Marcus Ray Cassel (January 6, 1983 – November 17, 2006) was an American football player, who played cornerback at UCLA. He died as a result of a car crash.

==Early life==
Marcus Cassel was born on January 6, 1983, to Clyde and Joletta Cassel. He grew up with a younger brother, Jason. From an early age, he was active in the Boy Scouts. Cassel attended Long Beach Brethren Elementary School and Calvary Chapel Christian School of Downey before attending Narbonne High School. He later transferred to St. John Bosco High School in Bellflower, California. While at St. John Bosco, he was a standout cornerback, earning All-State and All-American honors, and graduating with a 3.5 GPA and a full football scholarship to UCLA. As a youth, he also played for the Orange County Junior All American Football Carson Colts, winning the 1997 Super Bowl championship.
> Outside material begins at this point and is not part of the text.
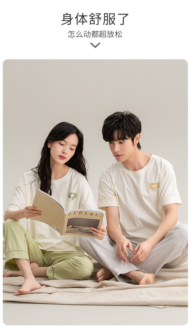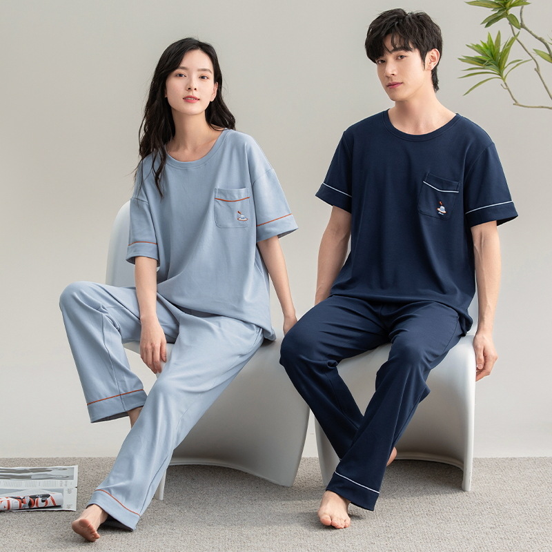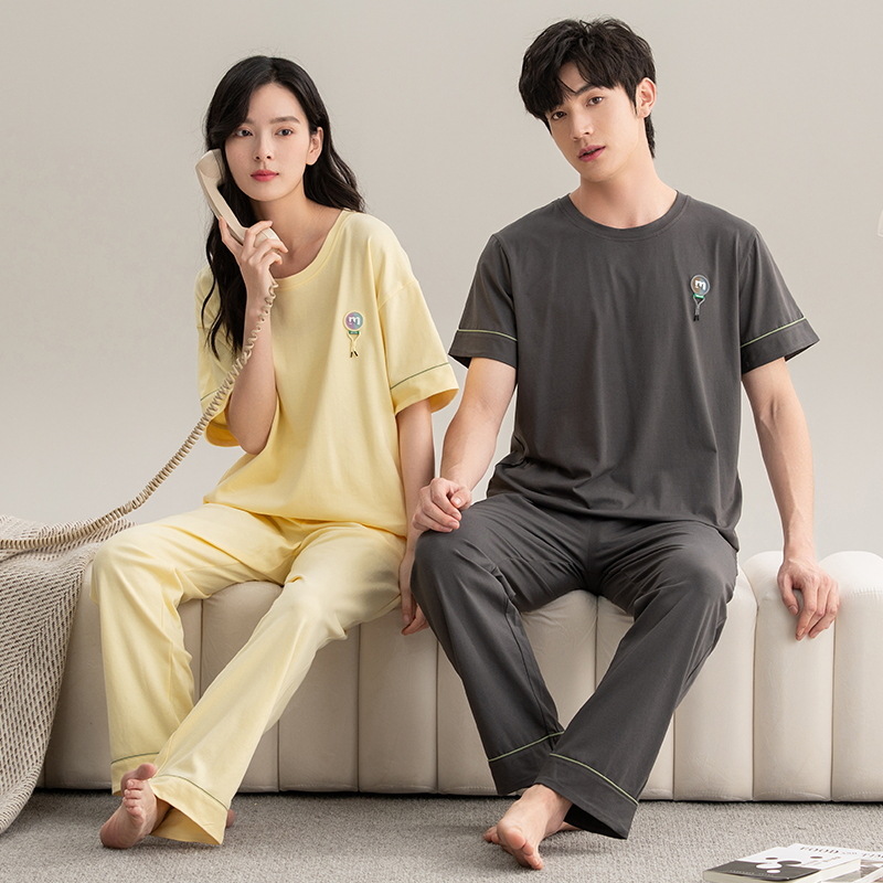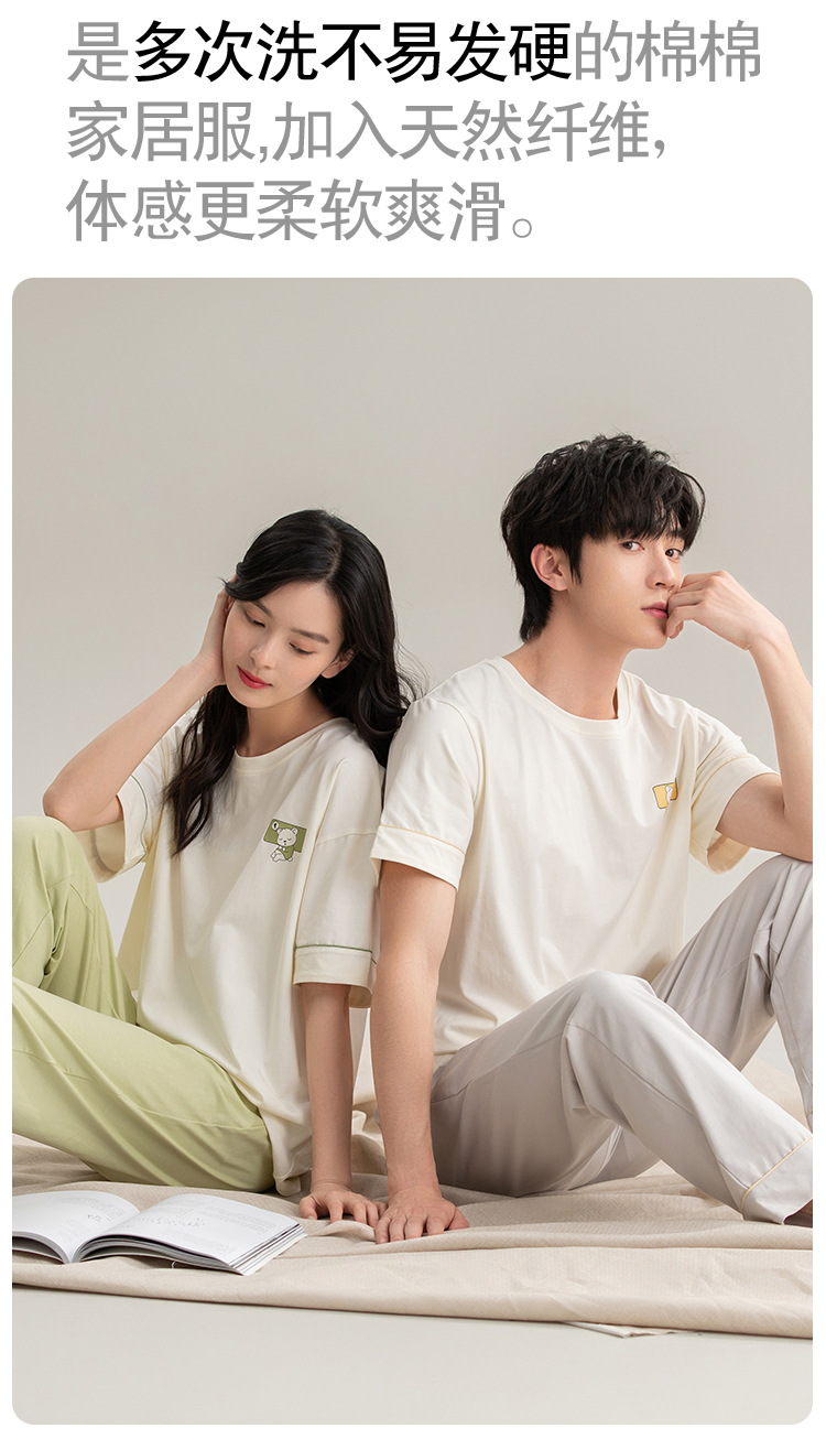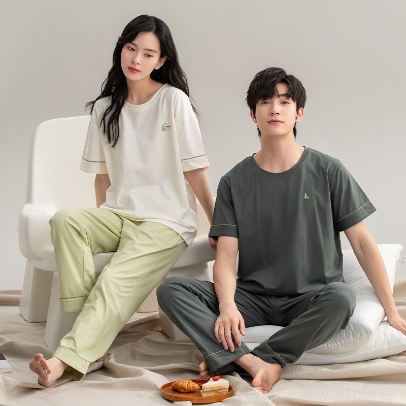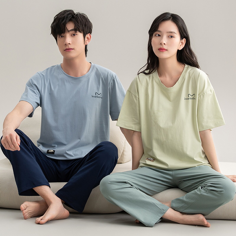 여름 폭발 커플 잠옷 면 짧은 소매 바지 한국 라운드 넥 남녀 코튼 홈웨어 얇은 세트스토어 가기

==College and professional career==
Cassel attended the University of California, Los Angeles (UCLA), where he played cornerback for the Bruins. He became a starting player during his junior and senior years. During the 2005 season, he recorded 16 tackles (14 solo) and two pass breakups in a game against the USC Trojans, earning Defensive Player of the Game honors alongside Reggie Bush. At the team's awards banquet, he was named UCLA's Most Improved Player. He graduated from UCLA in 2006 with a Bachelor of Arts in Psychology.

After college, Cassel signed a free agent contract with the Carolina Panthers on May 5, 2006. However, he suffered a hamstring injury during training camp and was released from the team four months later. He had planned to attend graduate school following his football career.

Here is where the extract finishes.